Statistical hypothesis testing is in some way similar to the technique 'proof by contradiction' in mathematics, i.e. if you want to prove something then assume the opposite and derive a contradiction, i.e. something that is impossible.
In statistics 'impossible' does not exist, but some events are very 'improbable'. So in statistics, if you want to 'prove' something (i.e. $H_1$) then you assume the opposite (i.e. $H_0$) and if $H_0$ is true you try to derive something improbable. 'Improbable' is defined by the confidence level that you choose.
If, assuming $H_0$ is true, you can find something very improbable, then $H_0$ can not be true because it leads to a 'statistical contradiction'. Therefore $H_1$ must be true.
This implies that in statistical hypothesis testing you can only find evidence for $H_1$. If one can not reject $H_0$ then the only conclusion you can draw is 'We can not prove $H_1$' or 'we do not find evidence that $H_0$ is false and so we accept $H_0$ (as long as we do not find evidence against it)'.
But there is more ... it is also about power.
Obviously, as nothing is impossible, one can draw wrong conclusions; we might find 'false evidence' for $H_1$ meaning that we conclude that $H_0$ is false while in reality it is true. This is a type I error and the probability of making a type I error is equal to the signficance level that you have choosen. One may also accept $H_0$ while in reality it is false, this is a type II error and the probability of making one is denoted by $\beta$. The power of the test is defined as $1-\beta$ so 1 minus the probability of making a type II error. This is the same as the probability of not making a type II error.
So $\beta$ is the probability of accepting $H_0$ when $H_0$ is false, therefore $1-\beta$ is the probability of rejecting $H_0$ when $H_0$ is false which is the same as the probability of rejecting $H_0$ when $H_1$ is true.
By the above, rejecting $H_0$ is finding evidence for $H_1$, so the power is $1-\beta$ is the probability of finding evidence for $H_1$ when $H_1$ is true.

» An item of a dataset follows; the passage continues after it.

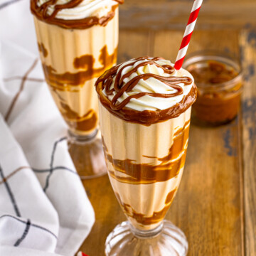 This milkshake recipe mixes vanilla ice cream, whipped cream, and dulce de leche—a gooey caramel goodness that’s the star of the show.

If you have a test with very high power (close to 1), then this means that if H1 is true, the test would have found evidence for $H_1$ (almost surely) so if we do not find evidence for $H_1$ (i.e. we do not reject $H_0$) and the test has a very high power, then probably $H_1$ is not true (and thus probably $H_0$ is true).
So what we can say is that if your test has very high power , then not rejecting H0 is ''almost as good as'' finding evidence for $H_0$.